■ WHAT IS NEEDED: The response must consist of the lines below from the one with "起始条件(S) → 目标地址(7位)" through the one with "简单的方向键操作,A是轻拳,S是重拳。看", exactly as they appear and with both ends kept.

+---+

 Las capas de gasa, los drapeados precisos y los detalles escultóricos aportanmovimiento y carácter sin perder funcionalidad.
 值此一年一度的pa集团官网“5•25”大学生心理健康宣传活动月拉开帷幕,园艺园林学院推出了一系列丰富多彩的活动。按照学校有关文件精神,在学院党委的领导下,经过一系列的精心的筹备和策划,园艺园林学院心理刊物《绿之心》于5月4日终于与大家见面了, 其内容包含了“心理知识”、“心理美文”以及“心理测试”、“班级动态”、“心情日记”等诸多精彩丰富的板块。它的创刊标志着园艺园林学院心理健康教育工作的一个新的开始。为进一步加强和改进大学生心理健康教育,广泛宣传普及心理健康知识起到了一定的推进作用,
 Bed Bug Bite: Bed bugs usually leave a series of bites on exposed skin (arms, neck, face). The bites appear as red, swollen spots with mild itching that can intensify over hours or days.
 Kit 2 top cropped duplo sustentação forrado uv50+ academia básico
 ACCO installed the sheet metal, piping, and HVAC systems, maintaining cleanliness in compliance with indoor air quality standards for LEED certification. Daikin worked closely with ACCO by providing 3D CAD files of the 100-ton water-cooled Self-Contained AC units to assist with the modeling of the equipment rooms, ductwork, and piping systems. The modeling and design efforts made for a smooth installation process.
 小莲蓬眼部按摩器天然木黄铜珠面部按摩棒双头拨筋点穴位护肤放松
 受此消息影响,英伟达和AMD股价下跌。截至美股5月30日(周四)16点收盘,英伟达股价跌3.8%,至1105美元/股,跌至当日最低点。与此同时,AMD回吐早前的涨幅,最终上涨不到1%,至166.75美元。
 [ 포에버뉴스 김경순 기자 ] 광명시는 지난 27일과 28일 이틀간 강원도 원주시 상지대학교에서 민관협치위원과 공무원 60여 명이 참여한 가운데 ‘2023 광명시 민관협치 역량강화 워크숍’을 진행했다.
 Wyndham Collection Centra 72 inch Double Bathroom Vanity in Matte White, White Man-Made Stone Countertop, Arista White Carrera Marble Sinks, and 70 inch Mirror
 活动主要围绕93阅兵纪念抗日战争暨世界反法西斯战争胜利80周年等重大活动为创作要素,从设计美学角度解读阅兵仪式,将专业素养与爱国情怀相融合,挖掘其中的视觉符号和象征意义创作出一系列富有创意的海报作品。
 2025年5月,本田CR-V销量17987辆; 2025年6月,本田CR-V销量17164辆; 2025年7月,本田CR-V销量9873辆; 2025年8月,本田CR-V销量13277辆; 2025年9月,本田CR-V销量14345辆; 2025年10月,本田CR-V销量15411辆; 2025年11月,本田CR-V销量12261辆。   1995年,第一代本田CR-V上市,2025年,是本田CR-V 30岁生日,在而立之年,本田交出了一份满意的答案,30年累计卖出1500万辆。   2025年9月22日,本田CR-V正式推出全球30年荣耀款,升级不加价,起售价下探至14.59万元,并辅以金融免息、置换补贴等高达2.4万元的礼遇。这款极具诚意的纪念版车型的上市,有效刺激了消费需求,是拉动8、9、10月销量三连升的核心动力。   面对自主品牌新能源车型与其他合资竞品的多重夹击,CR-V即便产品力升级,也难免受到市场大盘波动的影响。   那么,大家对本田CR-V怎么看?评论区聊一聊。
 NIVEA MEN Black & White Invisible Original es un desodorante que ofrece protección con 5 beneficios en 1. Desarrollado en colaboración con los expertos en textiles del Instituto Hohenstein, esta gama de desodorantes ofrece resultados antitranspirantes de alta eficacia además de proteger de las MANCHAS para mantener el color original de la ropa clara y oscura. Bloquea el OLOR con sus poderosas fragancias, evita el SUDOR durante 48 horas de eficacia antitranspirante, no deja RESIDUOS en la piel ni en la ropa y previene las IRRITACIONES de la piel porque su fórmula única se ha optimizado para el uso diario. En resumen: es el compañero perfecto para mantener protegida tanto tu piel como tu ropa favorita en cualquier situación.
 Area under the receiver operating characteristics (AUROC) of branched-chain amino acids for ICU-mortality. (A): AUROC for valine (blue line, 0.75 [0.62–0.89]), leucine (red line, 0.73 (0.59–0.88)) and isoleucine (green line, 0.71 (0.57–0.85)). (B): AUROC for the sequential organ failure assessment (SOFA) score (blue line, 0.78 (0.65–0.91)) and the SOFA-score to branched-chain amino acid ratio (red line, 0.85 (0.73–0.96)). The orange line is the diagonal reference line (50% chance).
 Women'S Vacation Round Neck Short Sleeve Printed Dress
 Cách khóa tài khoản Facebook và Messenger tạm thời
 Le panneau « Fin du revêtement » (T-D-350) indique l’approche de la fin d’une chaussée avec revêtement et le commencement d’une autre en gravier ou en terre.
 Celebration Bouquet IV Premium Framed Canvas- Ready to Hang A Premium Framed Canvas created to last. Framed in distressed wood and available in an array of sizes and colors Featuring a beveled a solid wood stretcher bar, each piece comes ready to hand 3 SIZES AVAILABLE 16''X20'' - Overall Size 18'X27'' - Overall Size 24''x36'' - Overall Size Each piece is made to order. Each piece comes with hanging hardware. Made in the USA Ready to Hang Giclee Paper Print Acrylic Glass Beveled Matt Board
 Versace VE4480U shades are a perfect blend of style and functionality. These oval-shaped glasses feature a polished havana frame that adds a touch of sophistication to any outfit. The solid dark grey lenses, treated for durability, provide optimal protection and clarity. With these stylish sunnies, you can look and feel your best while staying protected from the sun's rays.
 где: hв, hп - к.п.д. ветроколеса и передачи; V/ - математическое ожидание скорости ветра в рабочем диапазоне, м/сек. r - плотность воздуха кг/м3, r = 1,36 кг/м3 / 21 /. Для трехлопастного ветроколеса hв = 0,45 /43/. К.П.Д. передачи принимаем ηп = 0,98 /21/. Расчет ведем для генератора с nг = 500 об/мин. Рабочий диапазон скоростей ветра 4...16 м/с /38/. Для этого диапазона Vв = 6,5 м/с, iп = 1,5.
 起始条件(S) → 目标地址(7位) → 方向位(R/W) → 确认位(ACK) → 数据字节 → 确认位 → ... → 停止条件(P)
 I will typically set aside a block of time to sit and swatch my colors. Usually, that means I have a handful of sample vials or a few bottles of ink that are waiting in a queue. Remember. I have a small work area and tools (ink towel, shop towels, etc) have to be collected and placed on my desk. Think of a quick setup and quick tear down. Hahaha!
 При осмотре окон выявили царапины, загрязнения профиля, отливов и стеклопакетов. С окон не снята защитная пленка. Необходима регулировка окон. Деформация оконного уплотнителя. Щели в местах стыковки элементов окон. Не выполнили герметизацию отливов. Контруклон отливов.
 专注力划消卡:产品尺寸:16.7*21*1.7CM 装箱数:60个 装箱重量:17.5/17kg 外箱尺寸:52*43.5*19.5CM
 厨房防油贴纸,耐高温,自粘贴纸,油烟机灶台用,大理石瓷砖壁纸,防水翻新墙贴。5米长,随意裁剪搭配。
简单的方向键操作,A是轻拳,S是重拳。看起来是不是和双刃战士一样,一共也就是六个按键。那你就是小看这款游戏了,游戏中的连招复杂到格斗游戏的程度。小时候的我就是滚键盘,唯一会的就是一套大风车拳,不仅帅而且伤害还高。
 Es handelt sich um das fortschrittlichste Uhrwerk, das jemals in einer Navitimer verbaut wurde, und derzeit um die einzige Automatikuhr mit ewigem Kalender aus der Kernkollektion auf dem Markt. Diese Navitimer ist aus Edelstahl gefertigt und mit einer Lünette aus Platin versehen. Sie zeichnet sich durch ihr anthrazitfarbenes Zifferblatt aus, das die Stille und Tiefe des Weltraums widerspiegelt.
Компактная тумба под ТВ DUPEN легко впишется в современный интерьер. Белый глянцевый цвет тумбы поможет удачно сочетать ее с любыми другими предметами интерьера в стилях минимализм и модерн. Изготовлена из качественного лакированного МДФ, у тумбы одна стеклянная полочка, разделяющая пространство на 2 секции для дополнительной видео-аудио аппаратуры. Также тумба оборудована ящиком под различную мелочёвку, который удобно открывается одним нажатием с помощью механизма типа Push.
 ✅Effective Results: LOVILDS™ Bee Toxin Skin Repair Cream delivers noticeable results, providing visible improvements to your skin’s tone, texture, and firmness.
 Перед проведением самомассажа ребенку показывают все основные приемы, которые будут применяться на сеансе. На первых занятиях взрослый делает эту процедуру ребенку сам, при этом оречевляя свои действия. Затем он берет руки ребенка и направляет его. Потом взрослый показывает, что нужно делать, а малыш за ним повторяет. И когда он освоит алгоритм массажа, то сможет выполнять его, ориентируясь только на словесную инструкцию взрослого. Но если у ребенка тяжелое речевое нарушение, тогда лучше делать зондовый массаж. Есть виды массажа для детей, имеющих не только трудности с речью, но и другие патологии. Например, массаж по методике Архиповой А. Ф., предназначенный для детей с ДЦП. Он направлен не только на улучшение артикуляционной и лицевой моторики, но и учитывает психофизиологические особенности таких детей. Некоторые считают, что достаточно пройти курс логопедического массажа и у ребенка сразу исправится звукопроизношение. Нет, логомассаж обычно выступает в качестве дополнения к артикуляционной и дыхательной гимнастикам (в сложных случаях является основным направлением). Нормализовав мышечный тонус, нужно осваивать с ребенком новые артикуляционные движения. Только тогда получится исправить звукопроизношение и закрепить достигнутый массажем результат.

+---+

■ ANSWER TO THIS TASK:
 起始条件(S) → 目标地址(7位) → 方向位(R/W) → 确认位(ACK) → 数据字节 → 确认位 → ... → 停止条件(P)
 I will typically set aside a block of time to sit and swatch my colors. Usually, that means I have a handful of sample vials or a few bottles of ink that are waiting in a queue. Remember. I have a small work area and tools (ink towel, shop towels, etc) have to be collected and placed on my desk. Think of a quick setup and quick tear down. Hahaha!
 При осмотре окон выявили царапины, загрязнения профиля, отливов и стеклопакетов. С окон не снята защитная пленка. Необходима регулировка окон. Деформация оконного уплотнителя. Щели в местах стыковки элементов окон. Не выполнили герметизацию отливов. Контруклон отливов.
 专注力划消卡:产品尺寸:16.7*21*1.7CM 装箱数:60个 装箱重量:17.5/17kg 外箱尺寸:52*43.5*19.5CM
 厨房防油贴纸,耐高温,自粘贴纸,油烟机灶台用,大理石瓷砖壁纸,防水翻新墙贴。5米长,随意裁剪搭配。
简单的方向键操作,A是轻拳,S是重拳。看起来是不是和双刃战士一样,一共也就是六个按键。那你就是小看这款游戏了,游戏中的连招复杂到格斗游戏的程度。小时候的我就是滚键盘,唯一会的就是一套大风车拳,不仅帅而且伤害还高。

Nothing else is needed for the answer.